### Prompt
Below this line are records; transcribe exactly the lines between the one holding "The Clean Room" and the one holding "tree bark |", inclusive, and omit the pictures.

### Recorded information
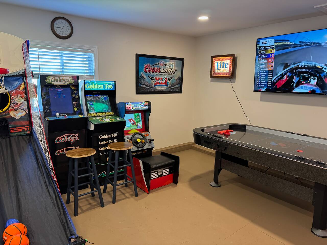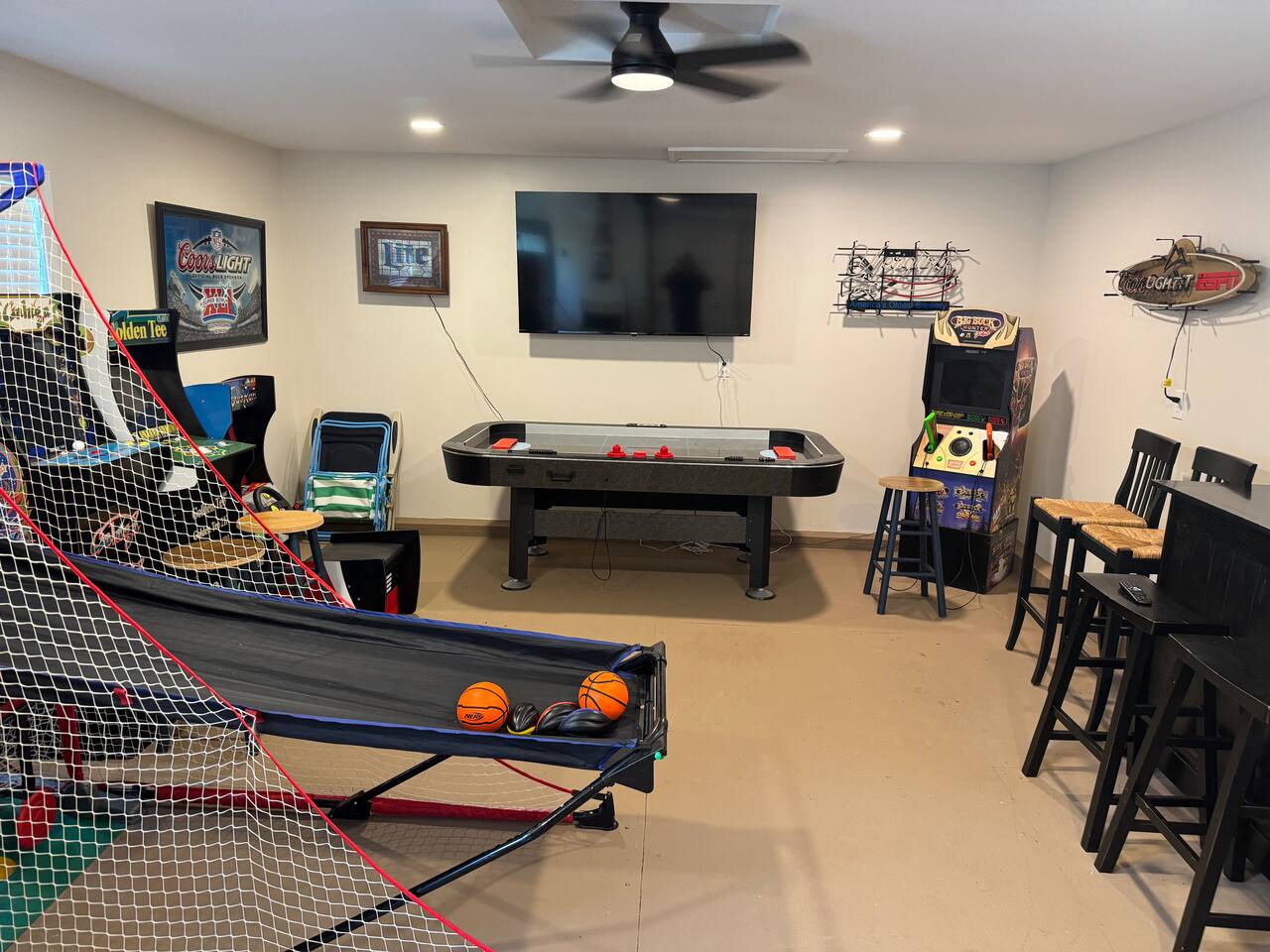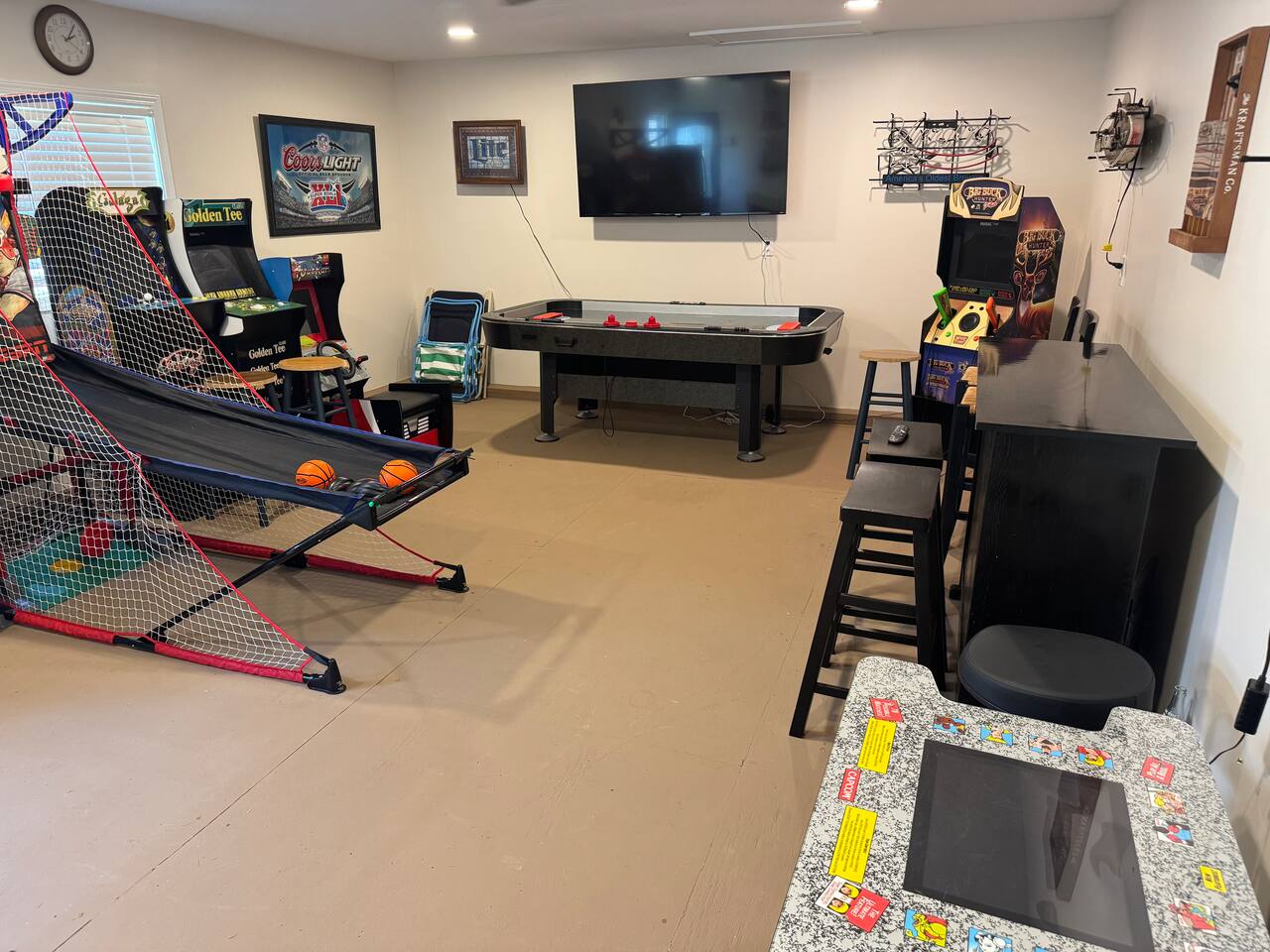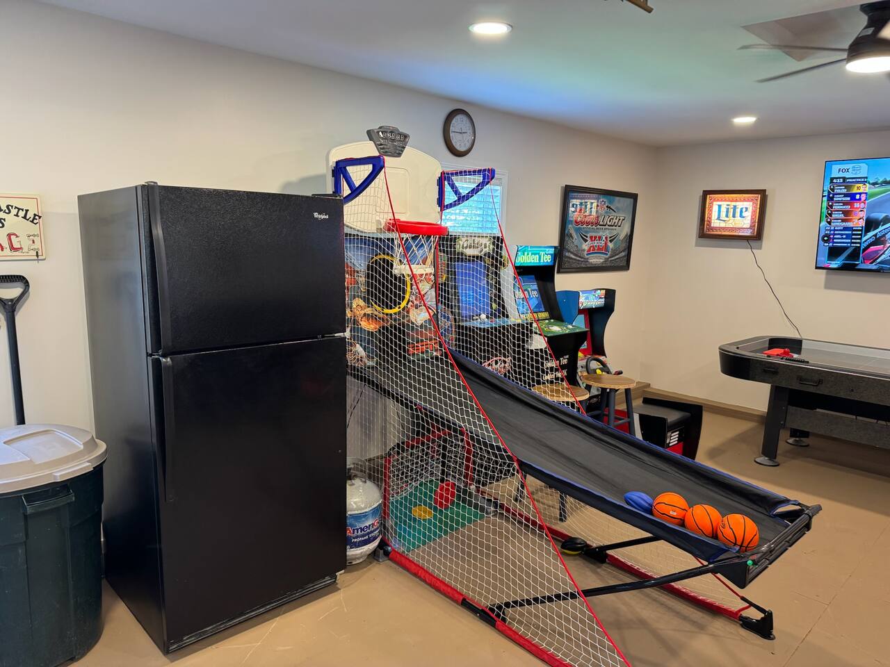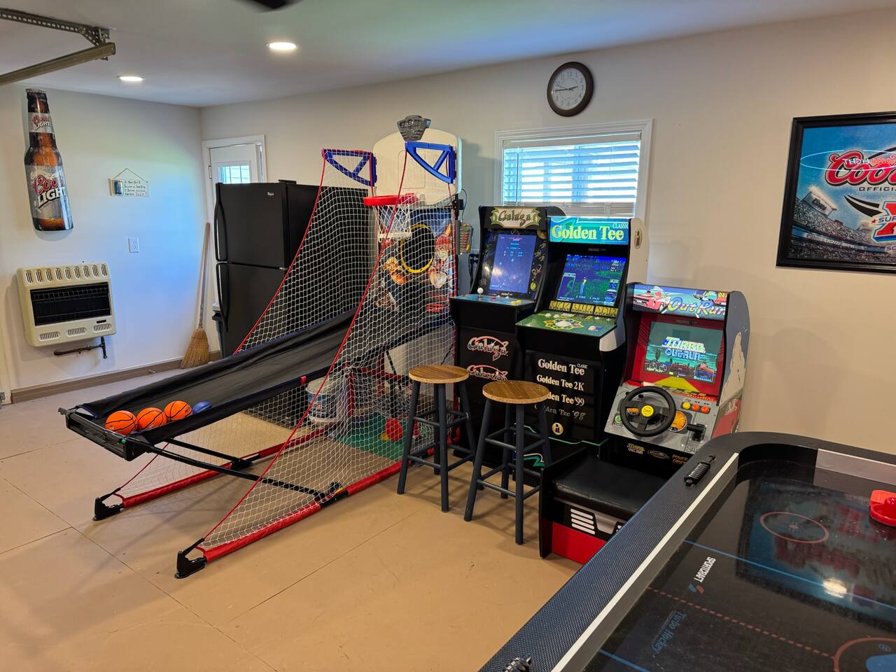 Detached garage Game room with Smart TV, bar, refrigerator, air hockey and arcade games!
---
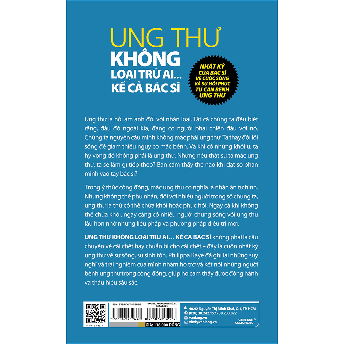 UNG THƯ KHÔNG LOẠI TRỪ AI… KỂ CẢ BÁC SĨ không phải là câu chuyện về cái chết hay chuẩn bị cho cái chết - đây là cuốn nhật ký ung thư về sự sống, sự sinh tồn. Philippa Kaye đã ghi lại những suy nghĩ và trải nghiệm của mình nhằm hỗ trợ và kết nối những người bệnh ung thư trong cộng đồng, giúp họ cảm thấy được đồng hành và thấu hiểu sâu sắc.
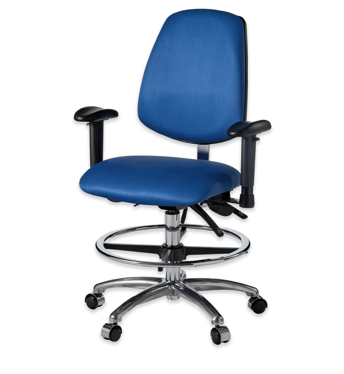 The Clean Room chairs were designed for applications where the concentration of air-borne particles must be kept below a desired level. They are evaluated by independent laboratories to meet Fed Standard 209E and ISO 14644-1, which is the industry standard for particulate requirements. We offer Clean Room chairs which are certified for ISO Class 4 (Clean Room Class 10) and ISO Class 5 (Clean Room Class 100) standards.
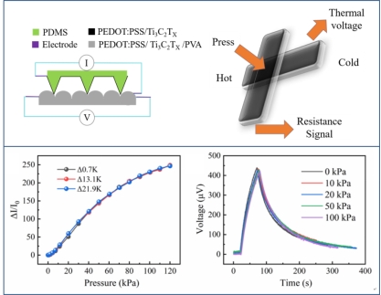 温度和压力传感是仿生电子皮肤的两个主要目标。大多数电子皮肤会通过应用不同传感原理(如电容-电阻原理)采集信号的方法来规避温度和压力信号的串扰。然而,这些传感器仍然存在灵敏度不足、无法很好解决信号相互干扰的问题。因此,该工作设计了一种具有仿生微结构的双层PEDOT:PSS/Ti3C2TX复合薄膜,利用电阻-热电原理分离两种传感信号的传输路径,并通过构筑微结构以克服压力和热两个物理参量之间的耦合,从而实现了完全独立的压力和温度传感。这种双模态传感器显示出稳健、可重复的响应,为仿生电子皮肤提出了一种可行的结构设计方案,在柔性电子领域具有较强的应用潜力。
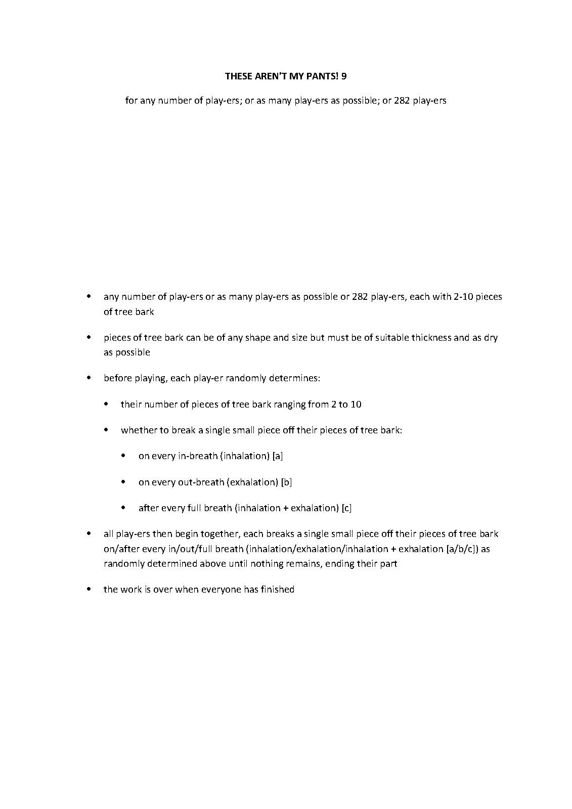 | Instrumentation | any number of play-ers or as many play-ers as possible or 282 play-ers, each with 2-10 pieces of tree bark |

### Solution for this task
 The Clean Room chairs were designed for applications where the concentration of air-borne particles must be kept below a desired level. They are evaluated by independent laboratories to meet Fed Standard 209E and ISO 14644-1, which is the industry standard for particulate requirements. We offer Clean Room chairs which are certified for ISO Class 4 (Clean Room Class 10) and ISO Class 5 (Clean Room Class 100) standards.
 温度和压力传感是仿生电子皮肤的两个主要目标。大多数电子皮肤会通过应用不同传感原理(如电容-电阻原理)采集信号的方法来规避温度和压力信号的串扰。然而,这些传感器仍然存在灵敏度不足、无法很好解决信号相互干扰的问题。因此,该工作设计了一种具有仿生微结构的双层PEDOT:PSS/Ti3C2TX复合薄膜,利用电阻-热电原理分离两种传感信号的传输路径,并通过构筑微结构以克服压力和热两个物理参量之间的耦合,从而实现了完全独立的压力和温度传感。这种双模态传感器显示出稳健、可重复的响应,为仿生电子皮肤提出了一种可行的结构设计方案,在柔性电子领域具有较强的应用潜力。
 | Instrumentation | any number of play-ers or as many play-ers as possible or 282 play-ers, each with 2-10 pieces of tree bark |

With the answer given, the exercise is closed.